Mercredi 11 Août – Ste Suzanne
Ayant repos aujourd’hui, je me lève tard – Chaque Batterie a touché une cuisine roulante –
Tous les jours, nous avons de la pluie par orage.
Jeudi 12 Août – Ste Claire
Le matin, nous allons à la traction du matériel – Dans le courant de la matinée, nous
apprenons que nous allons partir pour rejoindre le 4ème groupe qui est à 4kms de Bar-le-Duc,
l’état-major est avec lui en ce moment – Nous sommes contents de quitter ce pays de Meuse Le soir, un orage ou plutôt une trombe d’eau inonde nos gourbis, nos paquetages s’en vont à
la flotte, il nous faut déménager en toute hâte – Je suis forcé cette nuit, d’aller coucher au
bureau – Nous sortons le soir pour le dernier coup à Troyon – Un mot en passant : je souhaite
que tous ceux de la Meuse qui ont estampé ou volé le soldat d’une façon dégoûtante en
vendant leurs marchandises hors de prix soient envoyés au bagne….
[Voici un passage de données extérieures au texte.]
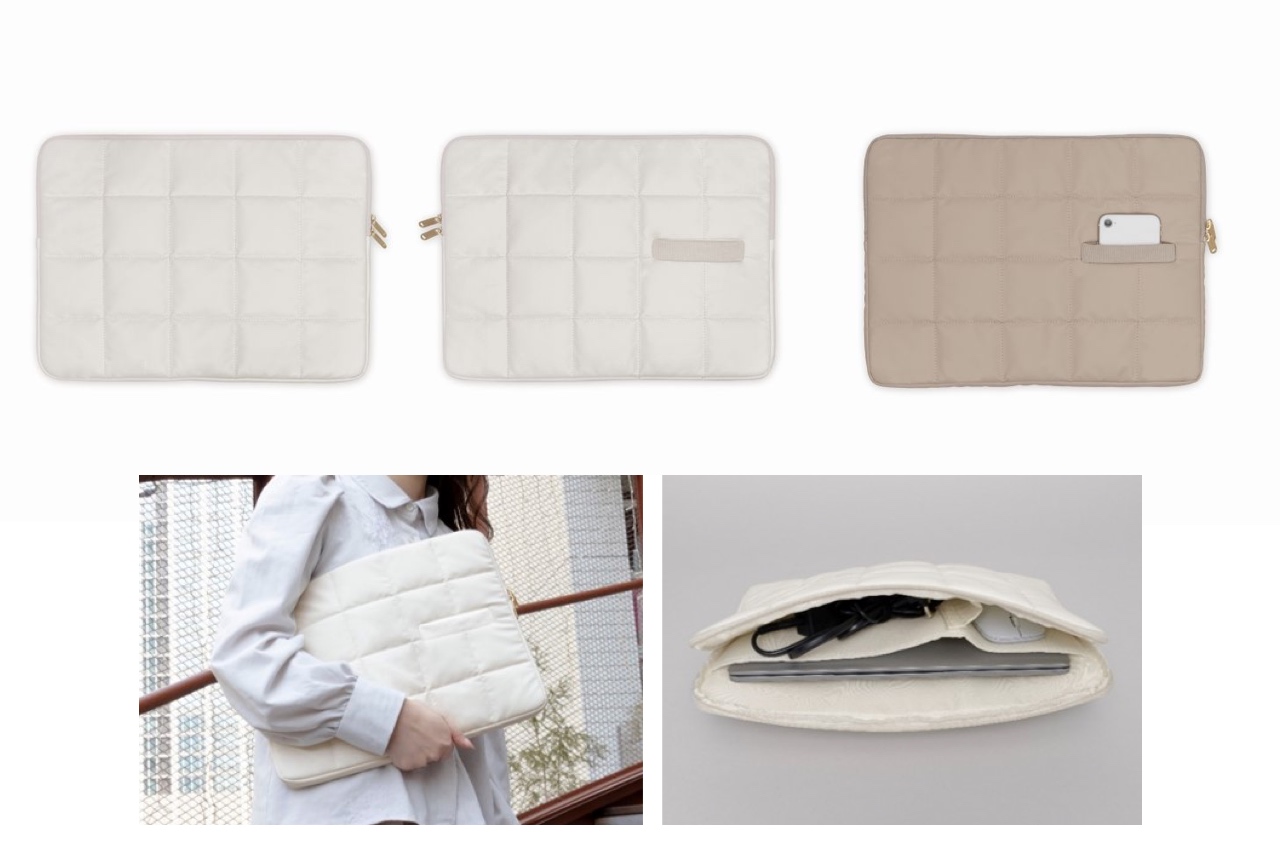 13インチノートパソコンと電源アダプター等のアクセサリーを整理して収容できる。外側に凸凹のないスッキリとしたデザインで、カバンからスムーズに出し入れ可能。生地には、大学生・高校生と一緒に選定したトレンド感のあるキルティングデザインを採用。外側にはスマートフォンを出し入れしやすいポケットがついている。カラーはクリームとベージュの2色を用意した。
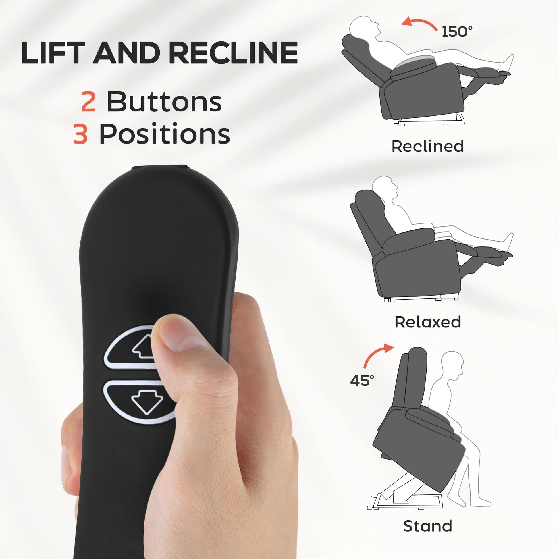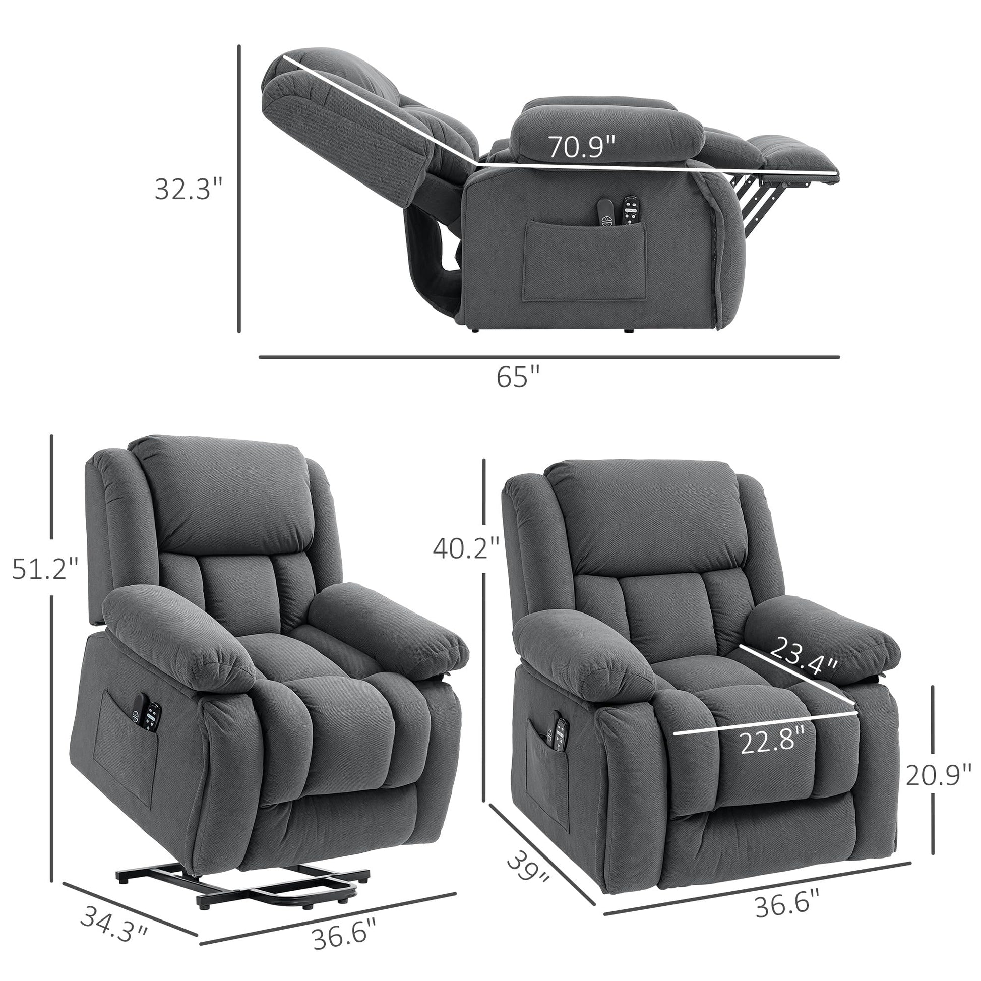 | Features | Power Lift, Vibration Massage, Heat Therapy, Remote Control, USB Port, Side Pockets |
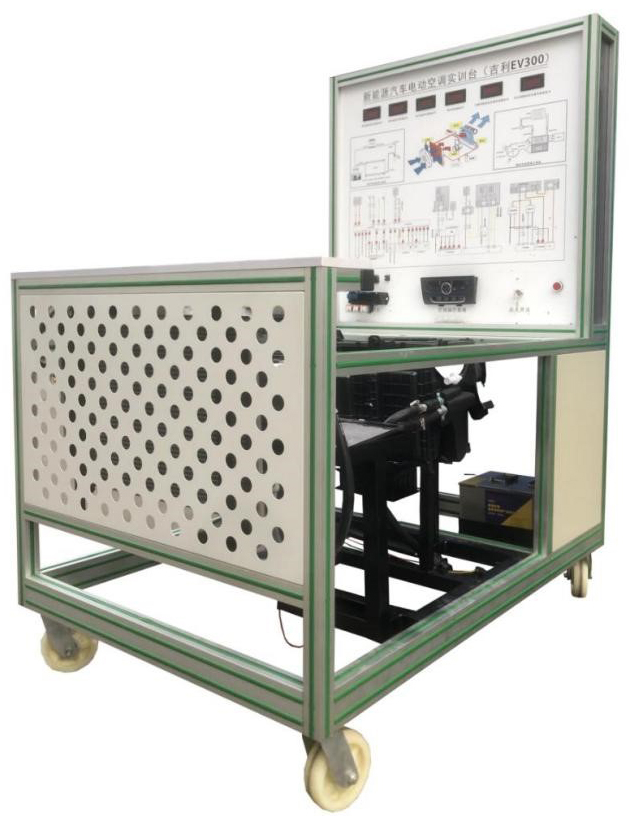 點火開關、電動汽車空調壓縮機、膨脹閥總成、干燥器總成、鼓風機總成、冷凝器、冷卻電子風扇、電動空調壓縮機控制器總成、空調蒸發箱總成、充電器與充電接口、充電插線、DC-DC轉換器、鋰電池組、空調操作面板、高低壓空調壓力表、采暖模塊總成、電源總開關、急停開關、直流接觸器、輔助蓄電池(12V45AH)、一體化全鋁合金型材搭建的移動臺架(1500×1000×1700mm ,帶自鎖腳輪裝置,帶安裝檢測端子的原理面板948×898mm)、故障模擬與排除裝置、設備操作說明書。
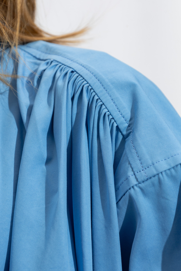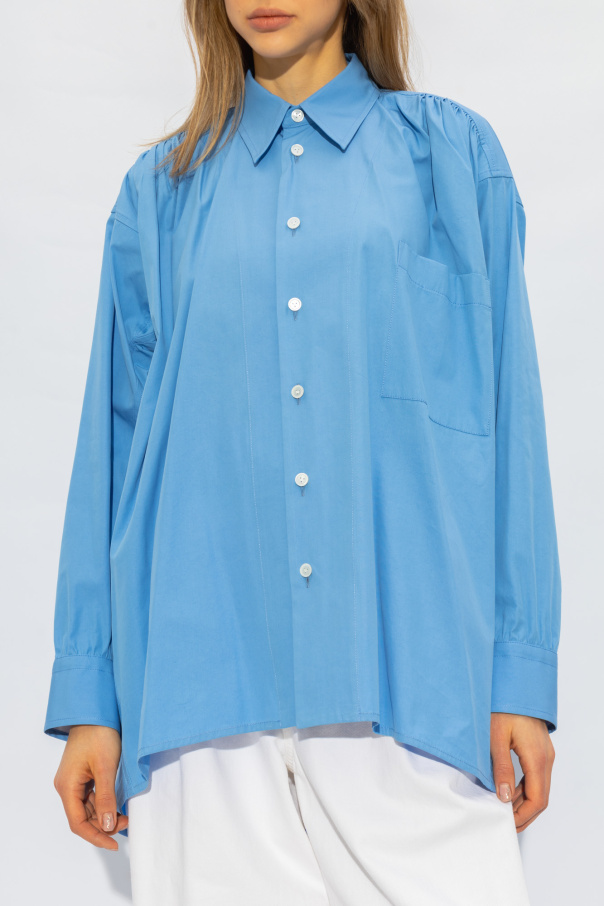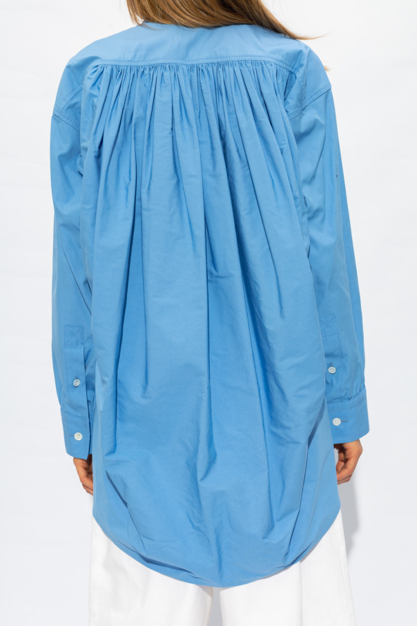 Blue loose-fitting shirt from Bottega Veneta. Made of cotton. Fastened with buttons, this design features gathers, a collar, front pocket and long sleeves with buttoned cuffs.

Vendredi 13 Août – S. Hippolyte
Dès le matin, les hommes apprêtent leurs paquetages – Une corvée va l’après-midi chercher
les caissons et les canons sur la position, la Batterie du 29ème d’Artillerie est venue avec son
matériel – Le chargement des voitures se fait l’après-midi – A la nuit, il nous est donné ordre
de réveiller les hommes à 11h et d’être prêts à partir pour 12h30 – De 8h à 10h, la pluie ne
cesse de tomber à torrents, heureusement que cela cesse pour partir – Il fait très noir, nous
partons à 1h du matin, passons par Gerricourt, Villers et arrivons à l’entrée de Recourt à 2h1/2
le matin, je dors ou plutôt sommeille comme je peux sur un caisson.
Samedi 14 Août – S. Eusèbe
Arrivons à l’entrée de Recourt où nous nous arrêtons, la cuisine roulante est mise en action
pour nous faire le jus…2 Batteries lourdes du 26ème d’Artillerie 120 long nous croisent sur la
route – A 5h du matin, nous entrons dans Recourt, nous formons le bivouac à la sortie du pays
dans une prairie, les chevaux sont à la corde – Je suis commandé de garde, le poste se trouve à
200 mètres du parc – Le poste d’Infanterie se trouve avec moi.